I am attempting a question that asks me to evaluate $$ \iint_D (x^2+y^2) dx dy $$ where $D$ is the finite region in the positive quadrant bounded by the curves $$ x^2 - y^2 = \pm 1, \quad xy = \frac{1}{2}. $$

So, I thought of using the transformation $x^2 - y^2 = u$ and $xy=v$, and computed the Jacobian and all that and get to the integral

$$ \iint_D \frac{1}{v} du dv. $$

But I can't get the bounds to work. I thought $u$ would be between $-1$ and $1$, and $v$ would be between $0$ and $\frac{1}{2}$. However then the integral is not finite. Thoughts?

Answer 1

I think your Jacobian is not right.
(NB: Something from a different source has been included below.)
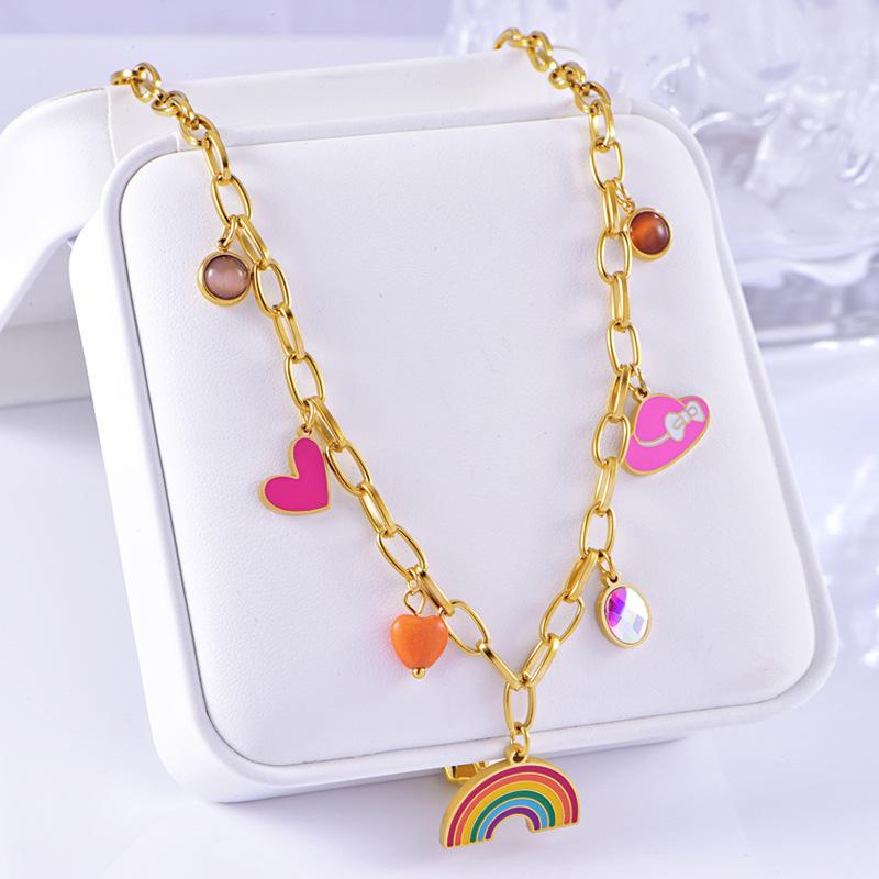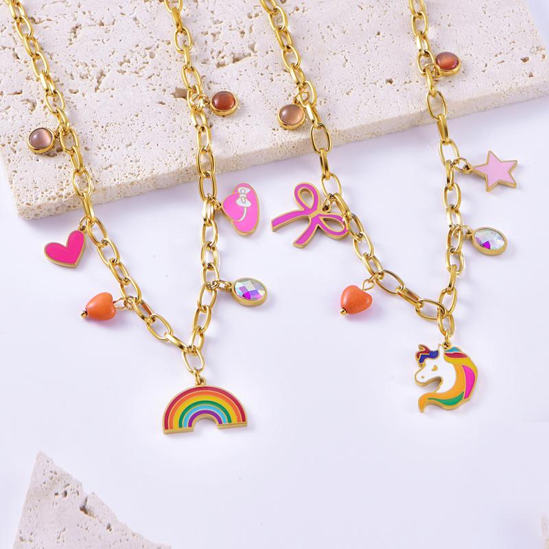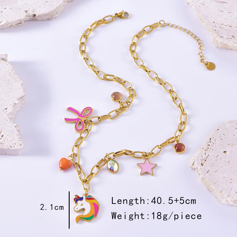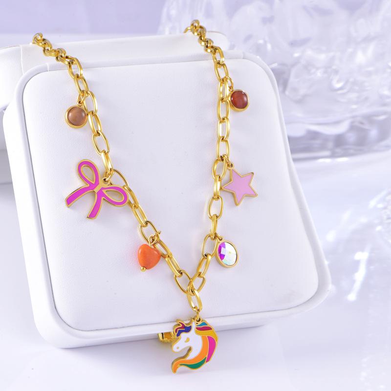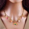 Collar con colgante de unicornio arcoíris con goteo de color transfronterizo para mujer, cadena dulce de verano para la clavícula, regalo de Tanabata para el Día de San Valentín

I get $$ \frac{\partial(u,v)}{\partial(x,y)} = \begin{vmatrix} 2x & y \\ -2y & x \end{vmatrix} = 2(x^2 + y^2) $$ In terms of the area elements, $$ du\,dv = 2(x^2+y^2)\,dx\,dy $$ So if $R$ is the rectangle $[-1,1] \times [0,\frac{1}{2}]$ in the $uv$-plane, then $$ \iint_D (x^2+y^2)\,dx\,dy = \frac{1}{2}\iint_R \,du \,dv = \frac{1}{2} \cdot \operatorname{Area}(R) = \frac{1}{2}. $$